Stored data
########
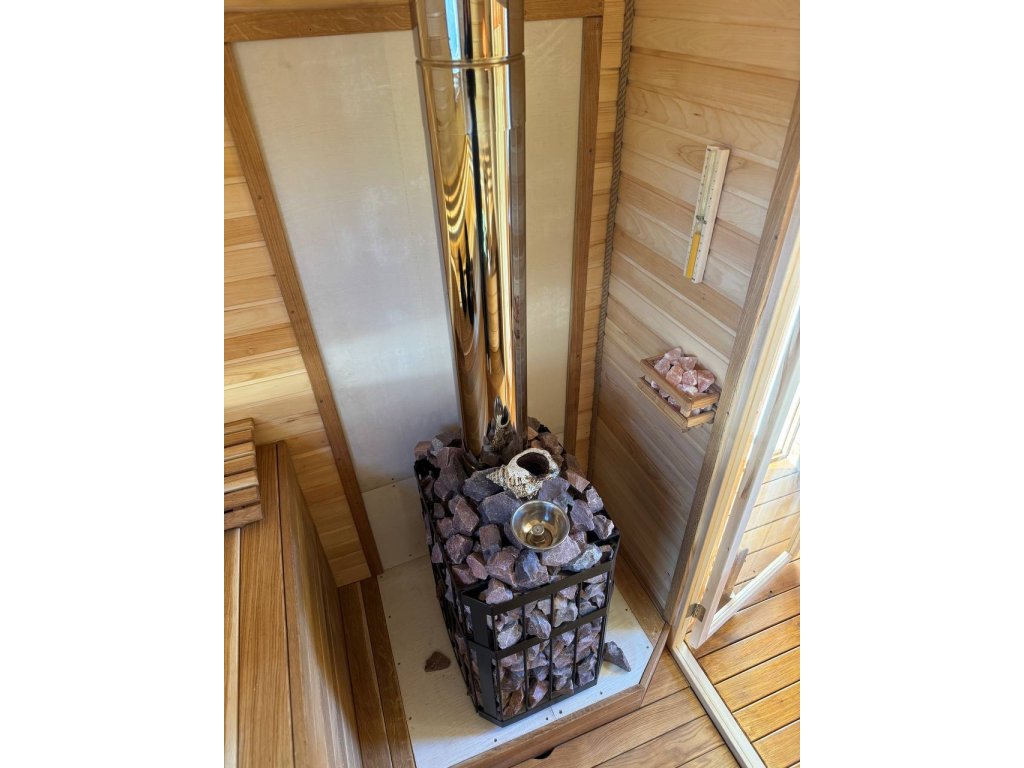 – hmotnost kamenů 100-120 kg. Množství saunových kamenů může být individuálně odlišné v závislosti na frakci a hustotě uložení kamenů. (nejsou součástí dodávky)
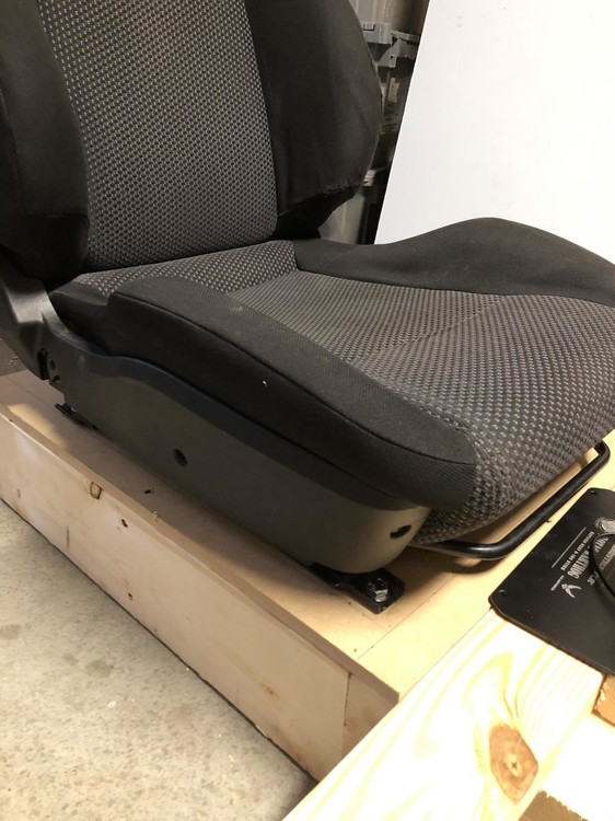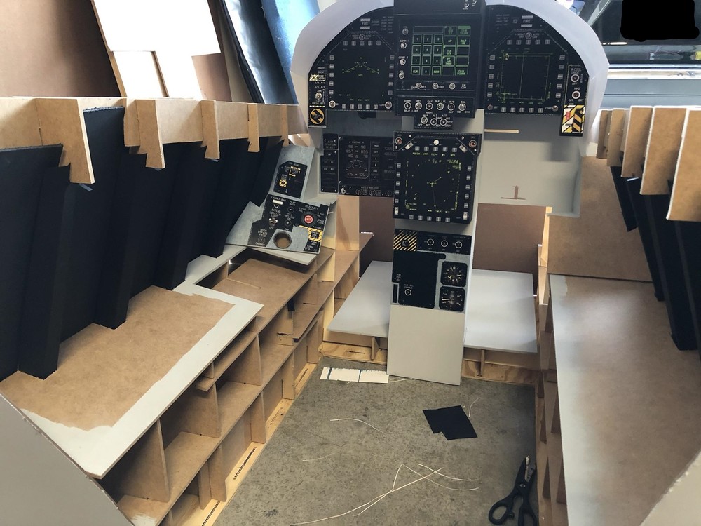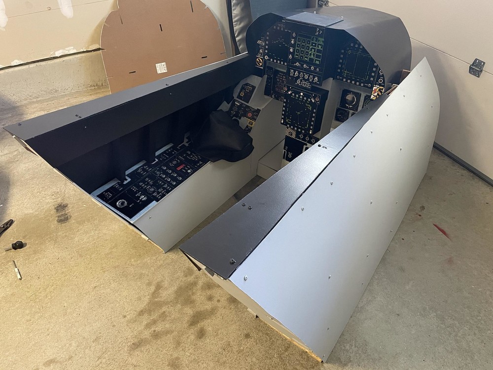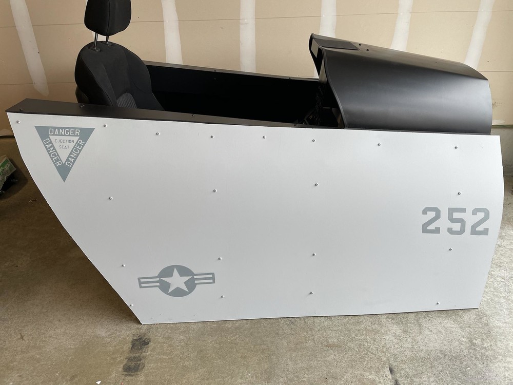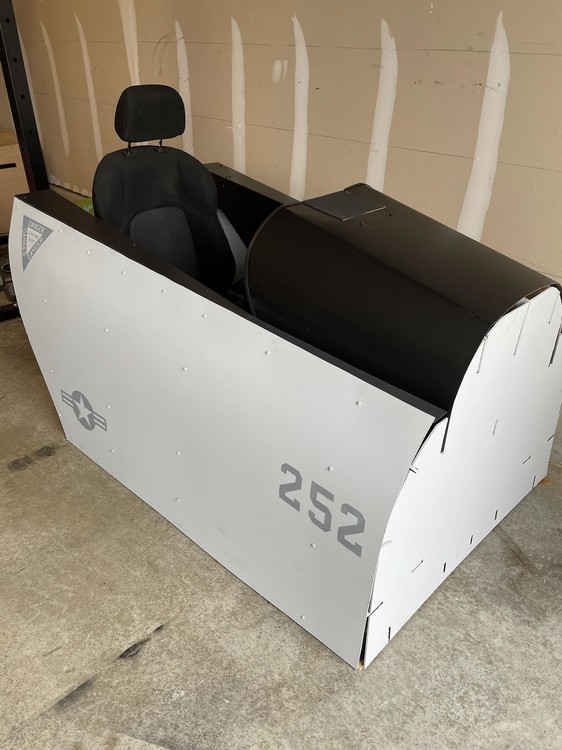 Onto making the sunshade. I bought a piece of thin aluminum from a metal shop and traced the pattern onto it and cut it out: I had to bend it where the bends are in the real cockpit, so I had to get a little creative to do the bends: Test fitting: Painted and retest fitting: Front panel with the sun shield installed: On to the seat! I went to a local junk yard and searched for over an hour for a seat I liked. Ended up liking the look of this one and the frame rails had flat mounting points which I needed for the box frame I was going to build to mount it on. Only $30! Bonus points if you can guess what kind of car it came out of! The seat had some tears in it, so I used my crappy sewing skills to close it up: The front of the seat needed to be cut to fit the stick/extension so I cut it out and added some material to make it look somewhat decent: Here is the seat mounted on the box frame: Putting some wood together to determine how high I need to build the stick mount box: Stick frame built: In the cockpit: Painted: Seat and stick in the cockpit: -
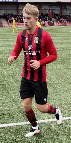 He moved up a level to join Southern League Premier Division Central side Tamworth on an initial one-month loan on 14 December 2018.[9] He made his Tamworth debut on 22 December in a league fixture at home to St Ives Town, which the away side won 2–1,[10] and coped sufficiently well with men's football that his loan deal was systematically extended to the end of the season,[11] during which he scored five goals from 21 league appearances.[12] The club's manager, Gary Smith, was appreciative: "He's been a fantastic player for us, someone with a great attitude and appetite for the game. He's still learning and growing in stature but he has been absolutely fantastic – a really clever player with great feet."[13]
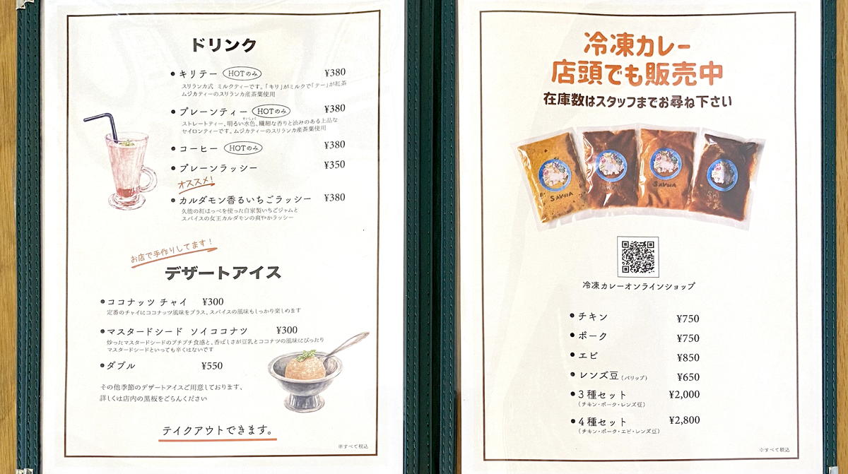 ドリンクもスリランカのミルクティーや、スパイス入りのラッシーなど個性あり。デザートはアイスのみですが、限定品含め珍しいフレーバーが揃っています。
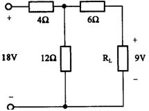 根据题解图,列基尔霍夫电流方程为:I=I1+I2。根据基尔霍夫电压定律列写网孔电压方程得:12I1=6I2+9V,18V=4I+12I1。联立上述三个方程求解得:I1=1A,I2=0.5A,I=1.5A。已知电阻两端的电压和电流,根据欧姆定律可得:RL=9/0.5=18Ω。[img]/upload/tiku/37/5850305_1.jpg[/img]
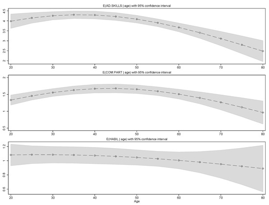 In this section, we present results based on the trivariate regression model with full Sarmanov–Lee dependence structure; this is the model denoted Trivariate Model 2 in Table 2. First, we discuss the age utilization gradient and marginal effects at the mean for prosthetics, assistive technologies, working status, and type of living arrangements. Then, results are presented for the supports intensity need utilization gradient and marginal effects of levels of intellectual functioning, exceptional behavioural and medical support needs, and expressed desires of the clients and their families.
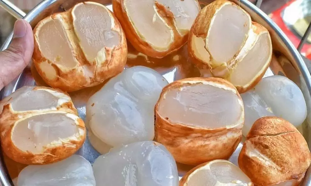 వేసవి(SUMMER) వచ్చిందంటే చాలు ఊష్ణ తాపానికి ఉపశమనం కోసం చూస్తుంటాం. ఆ తాపం నుంచి కాస్తా రిలీఫ్ ఇచ్చేవి తాటి ముంజలు. హైదరాబాద్ మహా నగరంలో తాటిముంజలు అందుబాటులో ఉన్నాయి. హైదరాబాద్ లో పలు ప్రాంతాల్లో ముంజల అమ్మకాలు ఊపందుకున్నాయి. పెద్ద ఎత్తున ప్రజలు తాటి ముంజలు కొనేందుకు ఆసక్తి చూపుతున్నారు. తాటి ముంజలు తింటే ఆరోగ్యానికి ఎన్నో ఉపయోగలున్నాయని, వేసవి (SUMMER) తాపం నుంచి ఉపశమనం కలుగుతుందని విక్రేతలు చెబుతున్నారు. కొనేవారు కూడా అది నిజమే నంటున్నారు. కేవలం వేసవిలో మాత్రమే ఇవి విరివిగా లభిస్తాయి. గ్రామాల్లో తాటిచెట్లు ఎక్కువగా ఉంటాయి కాబట్టి అక్కడ ముంజలు విరివిగా దొరుకుతుంటాయి. నగరాల్లో ఎక్కువ ధర పెట్టి కొనుగోలు చేయాల్సి ఉంటుంది.
########
#### WHAT THE EXERCISE ASKS:
Print every entry verbatim and leave all pictures out.

#### YOUR RESPONSE:
 – hmotnost kamenů 100-120 kg. Množství saunových kamenů může být individuálně odlišné v závislosti na frakci a hustotě uložení kamenů. (nejsou součástí dodávky)
 Onto making the sunshade. I bought a piece of thin aluminum from a metal shop and traced the pattern onto it and cut it out: I had to bend it where the bends are in the real cockpit, so I had to get a little creative to do the bends: Test fitting: Painted and retest fitting: Front panel with the sun shield installed: On to the seat! I went to a local junk yard and searched for over an hour for a seat I liked. Ended up liking the look of this one and the frame rails had flat mounting points which I needed for the box frame I was going to build to mount it on. Only $30! Bonus points if you can guess what kind of car it came out of! The seat had some tears in it, so I used my crappy sewing skills to close it up: The front of the seat needed to be cut to fit the stick/extension so I cut it out and added some material to make it look somewhat decent: Here is the seat mounted on the box frame: Putting some wood together to determine how high I need to build the stick mount box: Stick frame built: In the cockpit: Painted: Seat and stick in the cockpit: -
 He moved up a level to join Southern League Premier Division Central side Tamworth on an initial one-month loan on 14 December 2018.[9] He made his Tamworth debut on 22 December in a league fixture at home to St Ives Town, which the away side won 2–1,[10] and coped sufficiently well with men's football that his loan deal was systematically extended to the end of the season,[11] during which he scored five goals from 21 league appearances.[12] The club's manager, Gary Smith, was appreciative: "He's been a fantastic player for us, someone with a great attitude and appetite for the game. He's still learning and growing in stature but he has been absolutely fantastic – a really clever player with great feet."[13]
 ドリンクもスリランカのミルクティーや、スパイス入りのラッシーなど個性あり。デザートはアイスのみですが、限定品含め珍しいフレーバーが揃っています。
 根据题解图,列基尔霍夫电流方程为:I=I1+I2。根据基尔霍夫电压定律列写网孔电压方程得:12I1=6I2+9V,18V=4I+12I1。联立上述三个方程求解得:I1=1A,I2=0.5A,I=1.5A。已知电阻两端的电压和电流,根据欧姆定律可得:RL=9/0.5=18Ω。[img]/upload/tiku/37/5850305_1.jpg[/img]
 In this section, we present results based on the trivariate regression model with full Sarmanov–Lee dependence structure; this is the model denoted Trivariate Model 2 in Table 2. First, we discuss the age utilization gradient and marginal effects at the mean for prosthetics, assistive technologies, working status, and type of living arrangements. Then, results are presented for the supports intensity need utilization gradient and marginal effects of levels of intellectual functioning, exceptional behavioural and medical support needs, and expressed desires of the clients and their families.
 వేసవి(SUMMER) వచ్చిందంటే చాలు ఊష్ణ తాపానికి ఉపశమనం కోసం చూస్తుంటాం. ఆ తాపం నుంచి కాస్తా రిలీఫ్ ఇచ్చేవి తాటి ముంజలు. హైదరాబాద్ మహా నగరంలో తాటిముంజలు అందుబాటులో ఉన్నాయి. హైదరాబాద్ లో పలు ప్రాంతాల్లో ముంజల అమ్మకాలు ఊపందుకున్నాయి. పెద్ద ఎత్తున ప్రజలు తాటి ముంజలు కొనేందుకు ఆసక్తి చూపుతున్నారు. తాటి ముంజలు తింటే ఆరోగ్యానికి ఎన్నో ఉపయోగలున్నాయని, వేసవి (SUMMER) తాపం నుంచి ఉపశమనం కలుగుతుందని విక్రేతలు చెబుతున్నారు. కొనేవారు కూడా అది నిజమే నంటున్నారు. కేవలం వేసవిలో మాత్రమే ఇవి విరివిగా లభిస్తాయి. గ్రామాల్లో తాటిచెట్లు ఎక్కువగా ఉంటాయి కాబట్టి అక్కడ ముంజలు విరివిగా దొరుకుతుంటాయి. నగరాల్లో ఎక్కువ ధర పెట్టి కొనుగోలు చేయాల్సి ఉంటుంది.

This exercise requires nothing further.